Required action: In the entries below, find the line with "My capstone is" and the line with "不难看出,即便是土地市场表现"; reproduce those two lines and all lines between them exactly, without pictures.

[Stored dataset items]

+ + + + + + +

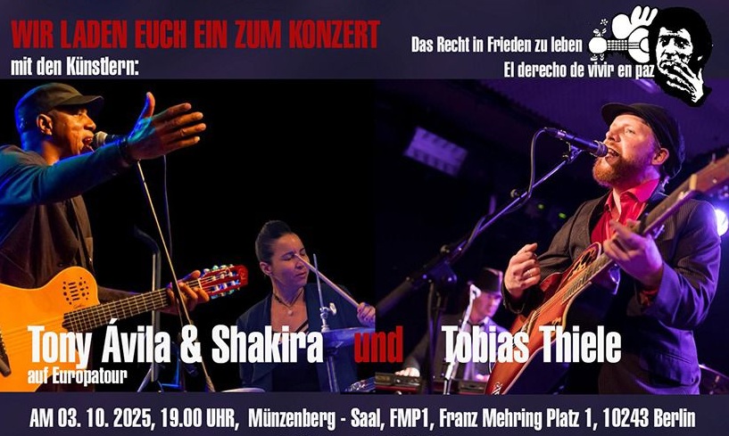 Das Berliner Publikum hat die Gelegenheit, die Kunst dieses vielseitigen Künstlers zusammen mit der kubanischen Percussionistin Shakira Torna und dem deutschen Liedermacher Tobias Thiele bei einem Konzert im Rahmen der Veranstaltungsreihe „Das Recht in Frieden zu leben" zu genießen, das vom deutschen Verein El Cultrún e.V. organisiert wird. Der Termin ist am 3. Oktober um 19:00 Uhr im Münzenberg-Saal am Franz-Mehring-Platz 1 in Berlin. Diese Vorstellung ist Teil des Europa-tours, die Tony außerdem in die Schweiz, nach Belgien, Finnland und Spanien führen wird.
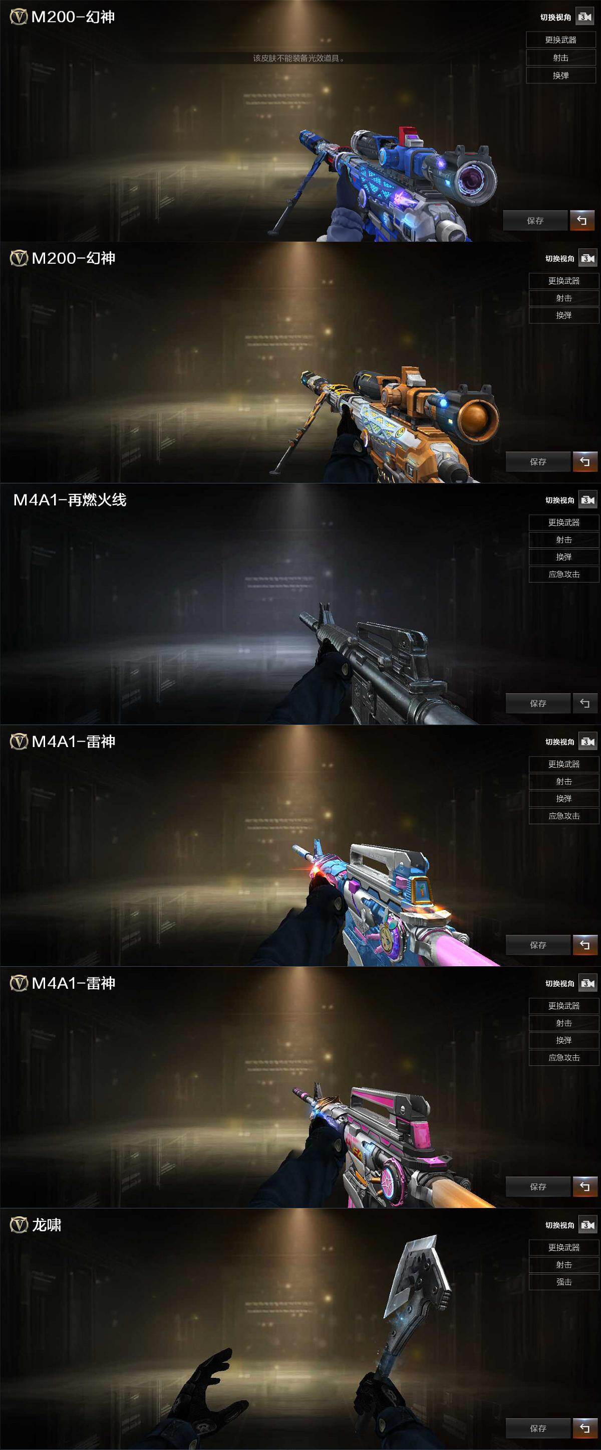 【皮肤】:M200-幻神-黄忠皮肤,幻神-电竞之星 皮肤,雷神-宇航兔皮肤,M4A1-再燃火线,雷神-神秘按键 皮肤,轻型军用手斧-再燃火线
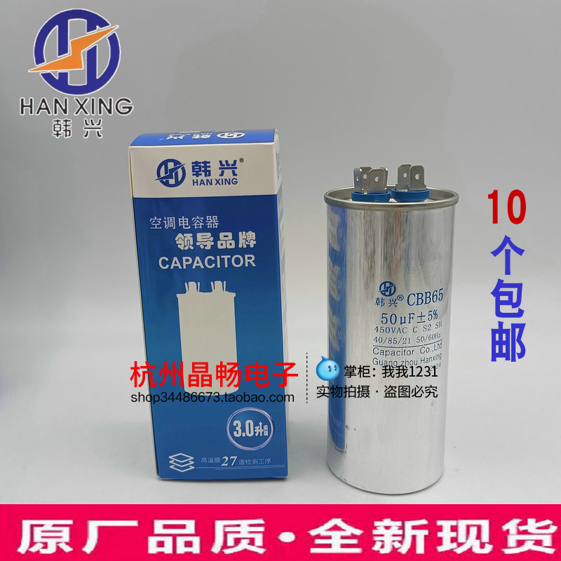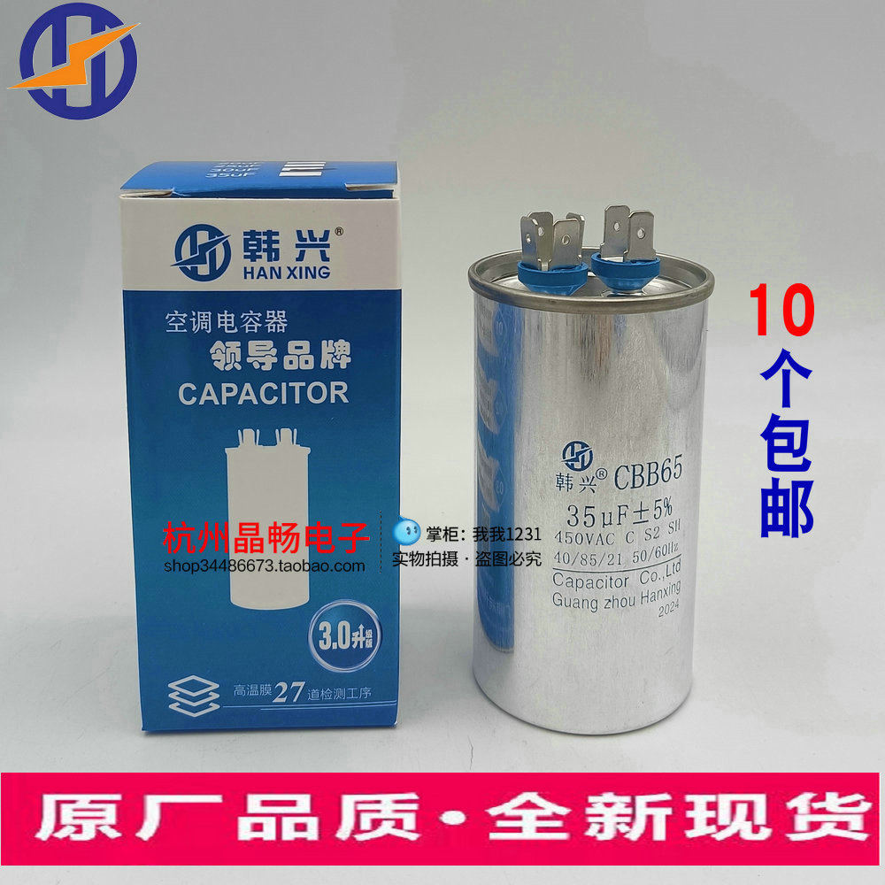 韩兴HAN空调压缩机启动电容CBB65铝壳防爆电容25UF35UF50UF60UF
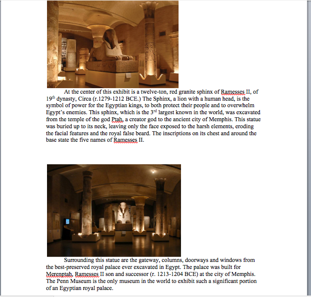 My capstone is an enhanced podcast tour of the Upenn museum of archeology and anthropology. My mentor gave the idea of a podcast to me after hearing my interest in archeology. By doing some community service At the museum I was able to get the information I needed to start the process. With the help of one of the workers there, Amy Ellsworth, I was able to get access to the exhibit and images for the enhanced portion of the podcast, an idea given to me by Amy herself. A script was written first with the information given then turned into the podcast.
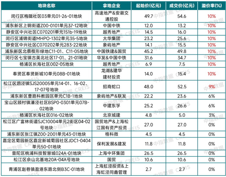 不难看出,即便是土地市场表现最好的上海,销售端的走弱仍然影响房企拿地的活跃度,一些非核心地块底价成交成为常态。此外,热门板块和核心优质地块依旧保持较高的热度,房企抢地积极性较高,极易触顶成交。相较而言,部分位置不佳或位于远郊的地块多以底价成交,有些地块甚至需要地方国企托底。
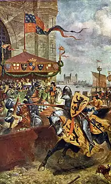 At a banquet in Edinburgh and presumably after too much alcohol he issued, as Champion of England, the following challenge to David Lindsay (later 1st Earl of Crawford): "Let words have no place; if ye know not the Chivalry and Valiant deeds of Englishmen; appoint me a day and a place where ye list, and ye shall have experience".[1] As a result of the challenge, on St George’s Day, 23 April 1390,[3] he fought David Lindsay in mock combat on horseback on London Bridge, losing the match by falling from his horse in their third charge against each other.
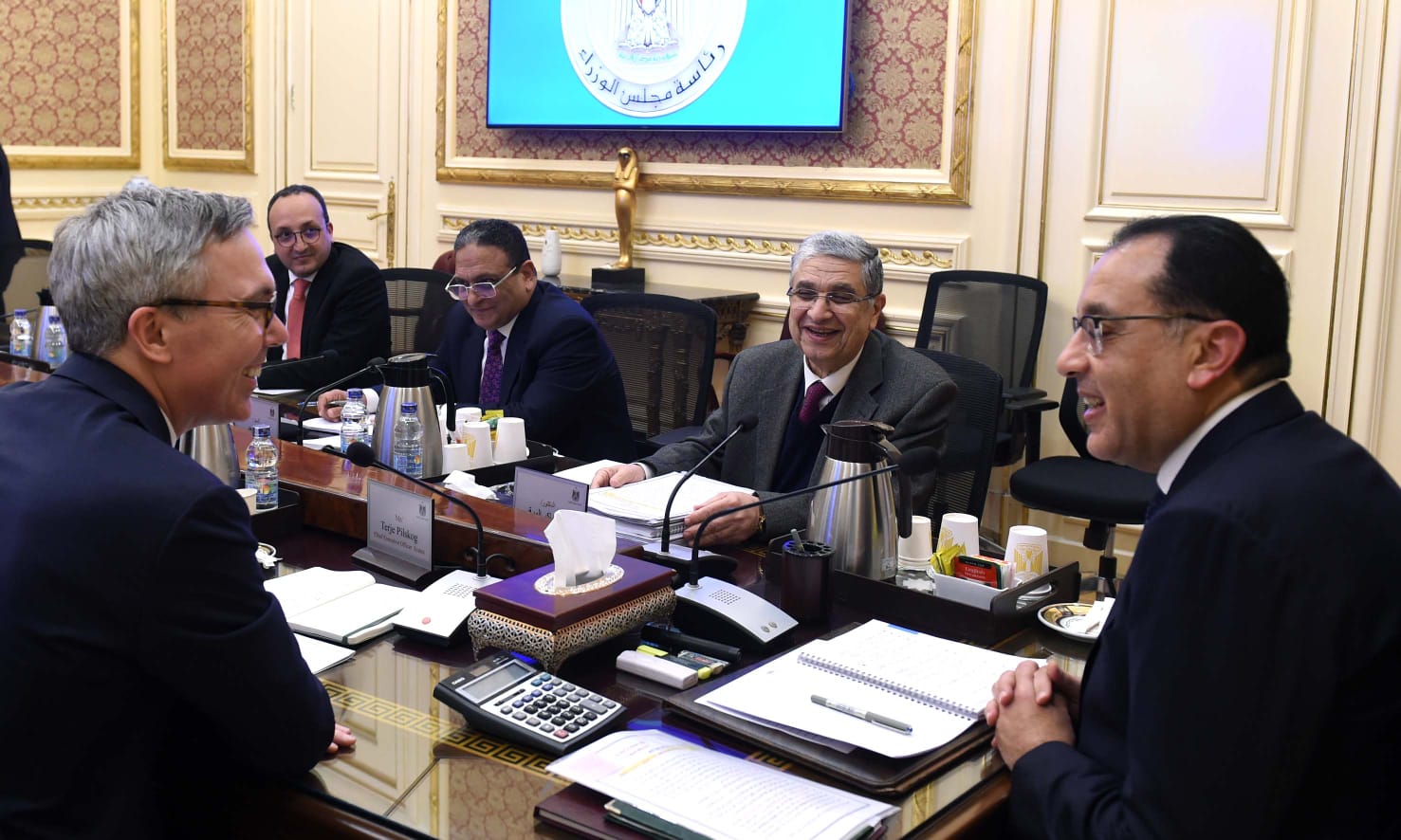 الهيدروحين الأخضر، عقد الدكتور مصطفى مدبولي، رئيس مجلس الوزراء، اليوم، اجتماعا؛ لمتابعة الموقف التنفيذي للمشروعات التي تنفذها شركة "سكاتك النرويجية" في مصر، وذلك بحضور الدكتور محمد شاكر، وزير الكهرباء والطاقة المتجددة، وتيرييه بيلسكوج، الرئيس التنفيذي لشركة "سكاتك النرويجية"، ومحمد عامر، المدير العام الإقليمي للشركة.

+ + + + + + +

Solution for this problem:
 My capstone is an enhanced podcast tour of the Upenn museum of archeology and anthropology. My mentor gave the idea of a podcast to me after hearing my interest in archeology. By doing some community service At the museum I was able to get the information I needed to start the process. With the help of one of the workers there, Amy Ellsworth, I was able to get access to the exhibit and images for the enhanced portion of the podcast, an idea given to me by Amy herself. A script was written first with the information given then turned into the podcast.
 不难看出,即便是土地市场表现最好的上海,销售端的走弱仍然影响房企拿地的活跃度,一些非核心地块底价成交成为常态。此外,热门板块和核心优质地块依旧保持较高的热度,房企抢地积极性较高,极易触顶成交。相较而言,部分位置不佳或位于远郊的地块多以底价成交,有些地块甚至需要地方国企托底。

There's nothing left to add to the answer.